Photographic manipulation: World Press Photo needs to be transparent in enforcing its rules

March 3, 2010 · by davidc7 · photography

8 Responses to “Photographic manipulation: World Press Photo needs to be transparent in enforcing its rules”

  1. How much has this manipulation become part of the art? Many seem to embrace multimedia while at the same time shun enhancing photographs, yet both are merely exploring/utilizing budding technologies.

  2. It looks like BJP has updated their article and now it says that the Rudik had removed a leg from one of the photos in his series. I hope WPP would show which image it was to see how exactly it was altered. I couldn’t find the series anywhere online. The only photo I could find was the one I tweeted (@photojournalism is the account for my blog Photojournalism Links) and my gut feeling is that it was not that particular image which was altered.

    On a different note, it looks like digital photography has in many ways freed the aesthetics of photojournalism as a result of of easier post-processing. Most post-processing is of course within the accepted rules, but in my personal opinion it can often look pretty brutal. One of the most common examples is adding strong vignetting, which can for instance be seen in the World Press Photo 1st Prize stories winner (http://bit.ly/awCAxt). Sometimes, when I see these heavily vignetted images, I cannot but help to think whether the vignetting is hiding something in the image. If you hide something by adding vignetting, it is not necessarily all that different from removing something from the frame by other Photoshop methods. (N.B. please do not read this as me accusing Gihan Tubbeh of anything. Just using his photos as an example).

  3. Mika — thanks for the thoughts.
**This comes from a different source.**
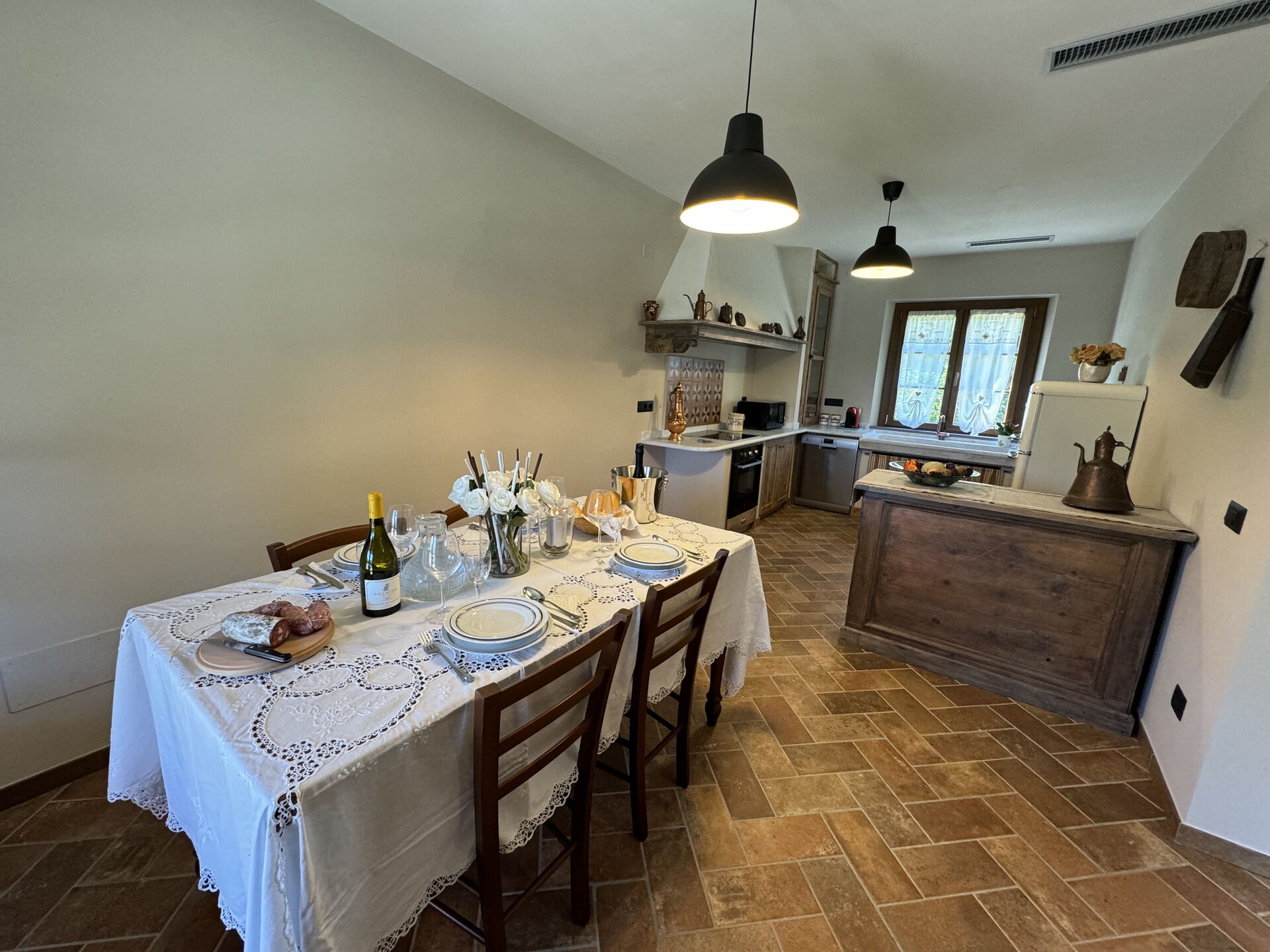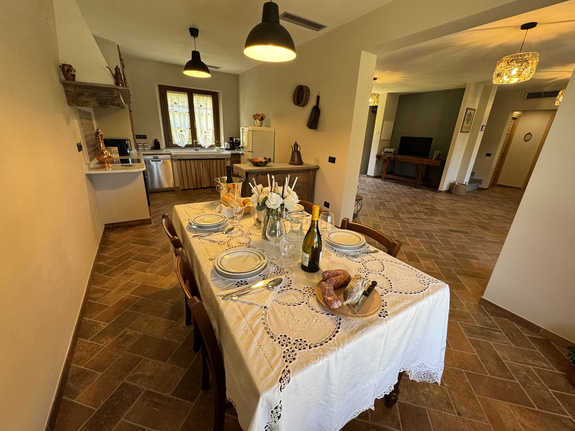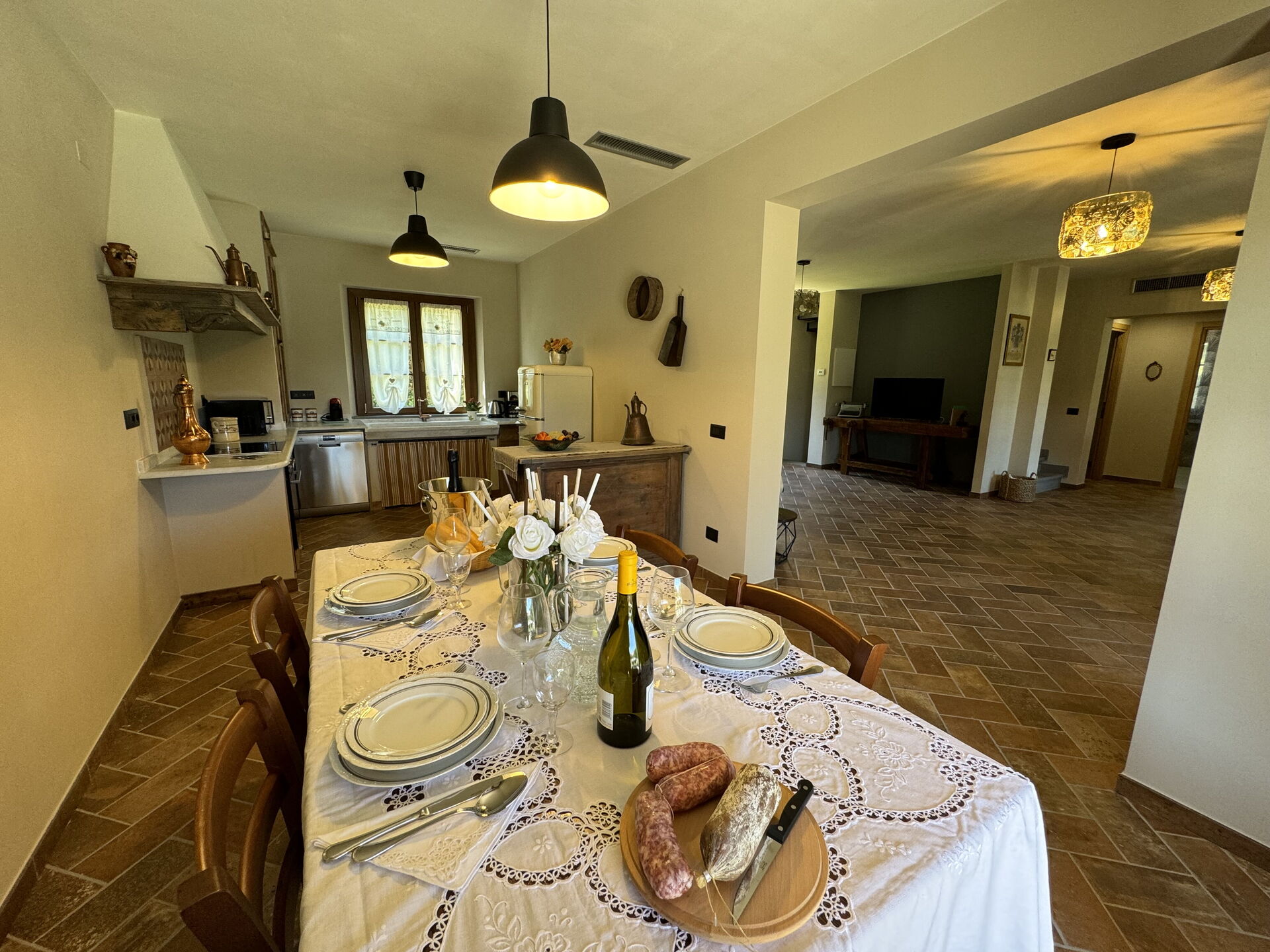 Tras llegar será recibido por el propietario u ama de llaves y encontrará una estupenda propiedad limpia y acogedora ideal para unas vacaciones relajantes en Toscana. Para su goce encontrará jardín privado donde puede descansar gustandose un buen refresco después un día pasado de excursiones.Uno de los beneficios de estar en una casa de vacaciones sino que en hoteles, es la posibilidad de relajarse tras un largo día de visitas con la familia y los amigos. Al anochecer sigue disfrutando con una buena comida y un buen vino local. Comer con familia y amigos es un aspecto de gran importancia en la cultura toscana. Aproveche de una cocina bien equipada para preparar comidas utilizando productos locales durante sus vacaciones. La cocina incluye cafetera, microondas y nevera, además de, muchas vajillas y cubiertos para hasta siete personas.

The BJP update is confirmed by the NYT Lens blog and PetaPixel and information I have included in my own update above. I agree with you that what is/is not acceptable post-processing is the key issue, and that is why I think WPP needs to be more transparent and offer more than its statement yesterday.

    Paul – I think ‘manipulation’ has become some part of the ‘art’ (as my various posts over the last year on this topic discuss), but the issue is where the bounds of acceptable versus unacceptable manipulation of still images lie. I don’t, though, follow your reference to multimedia in this context. There are important ethical issues in that domain, but in so far as it employs still imagery at its core, the same questions of how much post-processing is acceptable apply.

  4. Its interesting isn’t how the photo is almost completely unrecognizable from the original not because a bit of leg disappeared but because of the massive cropping and burning of the image.

    Essentially a completely new image, certainly in they eyes of the viewer, has been created in post production. Maybe the rule should revolve around whether the image is editorially true to the original shot.

    I wonder though David whether you can really construct an objectively enforceable set of rules?

    Tricky but interesting.

  5. Having reviewed the ‘before / after’ shots of this particular case I can’t help thinking that this disqualification was completely unjustified.

    But, the question does remain what would be acceptable?

    The judges should understand that without digital post processing pictures would have to be controlled pre-photographing. This, IMHO, would create an even more fake effect. So let’s accept that honest is not perfect, but perfect is not honest.